This contribution is the direct result of a discussion with second-year undergraduates at Cambridge that took place during a thermodynamics supervision. I asked them what they knew about entropy and about the statistical rationale for the second law. By way of answer they showed me their lecture notes, which reproduced that awful H-theorem given on page 39 of Waldram (1985). The main thrust of this chapter is to provide the antidote to that awful H-theorem and to draw attention to the beautiful proof of the second law given by Jaynes (1965). This short paper `Gibbs vs Boltzmann entropies' is a true masterpiece which states more clearly than anywhere else the key to the success of Gibbs' maximum entropy method.

The Gibbs entropy of the canonical ensemble is numerically equal to the experimental entropy defined by Clausius.

If more physicists knew this simple yet astonishing, fact the subject of thermodynamics (and plasma physics) would be far more advanced than it is today.

Jaynes's later work (1979, 1983) (see also Grandy (1987)) on non-equilibrium statistical mechanics is perhaps even more astounding, for it seems that Gibbs' maximum entropy algorithm is the complete answer for irreversible processes as well. Rather than discuss the general principles here, I illustrate this claim by an example: Brownian motion in one dimension. However, this little example is not nearly as trivial as it appears - there are some very serious lessons which can be learnt from it concerning non-equilibrium statistical mechanics.

Although it will not be mentioned again, it will become obvious that by championing the Gibbs/Jaynes/MaxEnt view of statistical mechanics, I am implicitly rejecting wholesale the approach of the `Brussels' school (and indeed many other approaches). That implication is true: I do indeed feel that only the MaxEnt viewpoint distinguishes correctly the inferential content of statistical physics and separates it clearly from dynamical aspects. I believe that other approaches contain many misconceptions about the nature of inference in science. My title is, however, slightly ambiguous, and readers will have to judge for themselves on whose side the misconceptions lie.

7.2 Entropy in thermodynamics and statistical mechanics

The science of thermodynamics came of age when the concept of entropy was defined as a state variable for systems in thermal equilibrium. Although more modern and more erudite definitions exist, for our present needs we can restrict ourselves to the definition of the experimental entropy SE in the form given in 1850 by Clausius (for a detailed account of the history of thermodynamics see Grandy (1987, Vol. 1, Appendix A))

                   |\      dQ
        Δ SE =     |      ----              (7.1)
                  \|       T

              reversible path
where T is the absolute temperature and dQ is the amount of heat entering the system. In this way entropy is defined as a function of the macroscopic variables such as pressure and temperature, and its numerical value can be measured experimentally (up to a constant). This constant is provided for us by the third law, that SE vanishes at the absolute zero of temperature.

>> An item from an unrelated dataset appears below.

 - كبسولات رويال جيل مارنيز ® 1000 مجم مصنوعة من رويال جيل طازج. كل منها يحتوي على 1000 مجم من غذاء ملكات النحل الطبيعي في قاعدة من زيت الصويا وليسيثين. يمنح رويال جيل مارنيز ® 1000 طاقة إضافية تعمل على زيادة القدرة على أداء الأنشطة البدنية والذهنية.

Classical thermodynamics is the result of this macroscopic definition: it is conceptually clear and easy to apply in practice (I say this despite the effect it usually has on physics undergraduates!). Conceptual problems have arisen. though, when trying to give a microscopic, statistical interpretation. Statistical thermodynamics began in 1866 with Boltzmann's kinetic theory of gases. He considered a gas of N particles each in a 6-dimensional phase space of position and momentum, and studied how collisions led to an equilibrium distribution. He defined an H function, which we relate to a Boltzmann entropy SB = -kBH,

                  |\
        H  =      |    d3x  d3p  ρ log ρ,	(7.2)
                 \|

where ρ(x,p, t) is the distribution of particles.

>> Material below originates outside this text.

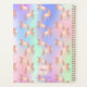 A trendy iridescent colored background with unicorn pastel colors in pink, purple, mint green. Decorated with a golden colored unicorn pattern. Personalize and add a name and a year written with a girly modern hand lettered style script. Purple colored letters.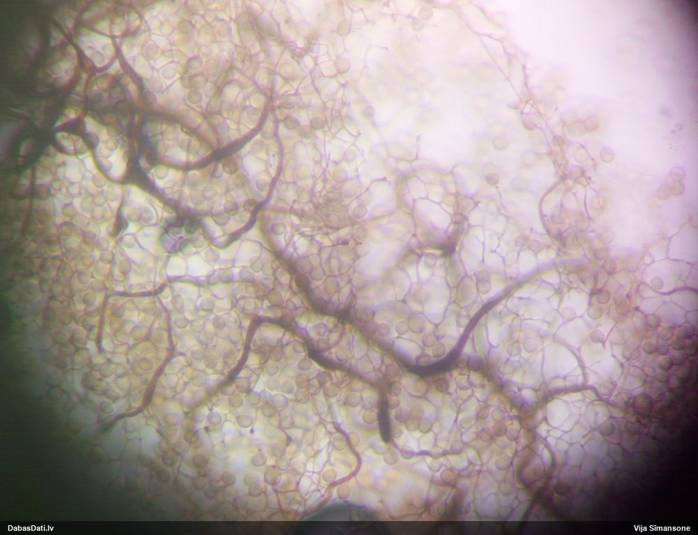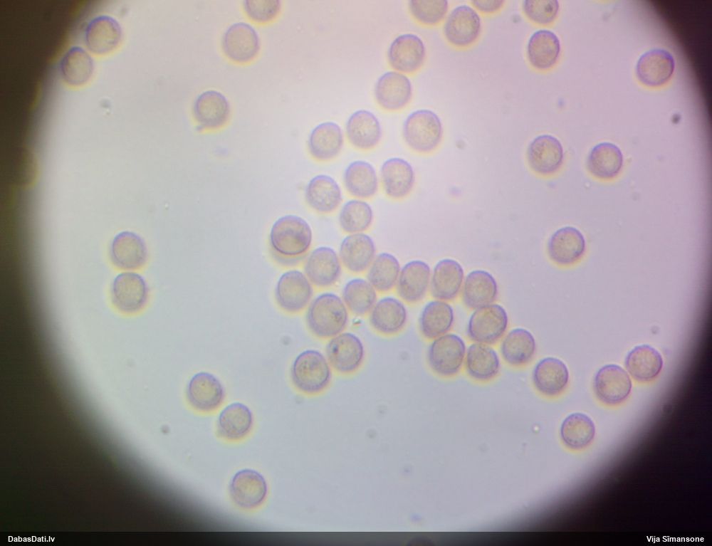 Un ja ir Badhamia, tad vajag arī uz stikliņa bez virsstikliņa mazos palielinājumos (lai nesaslapina okulāru) paskatīties, vai sporas negrupējas, pa divi vai vairāk. Te sporas izskatās ļoti apaļas, drīzāk negrupējas, bet paskatīties tāpat ir vērts.

A little later, the statistical mechanics of Gibbs was developed. Gibbs focused attention on the 6N-dimensional joint phase space of the N particles, and to introduce statistical notions he employed the artifice of the ensemble, a large number of copies of the system. These (imagined) copies of the system provided insight into what the actual system might be doing.

Although many of the early results are due to Boltzmann, it was Gibbs who gave us the basic tool of statistical thermodynamics: the Gibbs algorithm. In order to set up the equilibrium ensemble, we maximise the Gibbs entropy

                      |\
        SG  =   -kB   |   dτ pN log pN           (7.3)
                    \|

under the available constraints (e.g., the ensemble average energy <E> = Integral dτ E pN ), where pN is the probability density function (p.d.f.) for the N-particle system. This method is successful to this day. Even the transition to quantum mechanics passed without incident: the quantum mechanical definition involves the density matrix SG = -kB Trace ρ log ρ).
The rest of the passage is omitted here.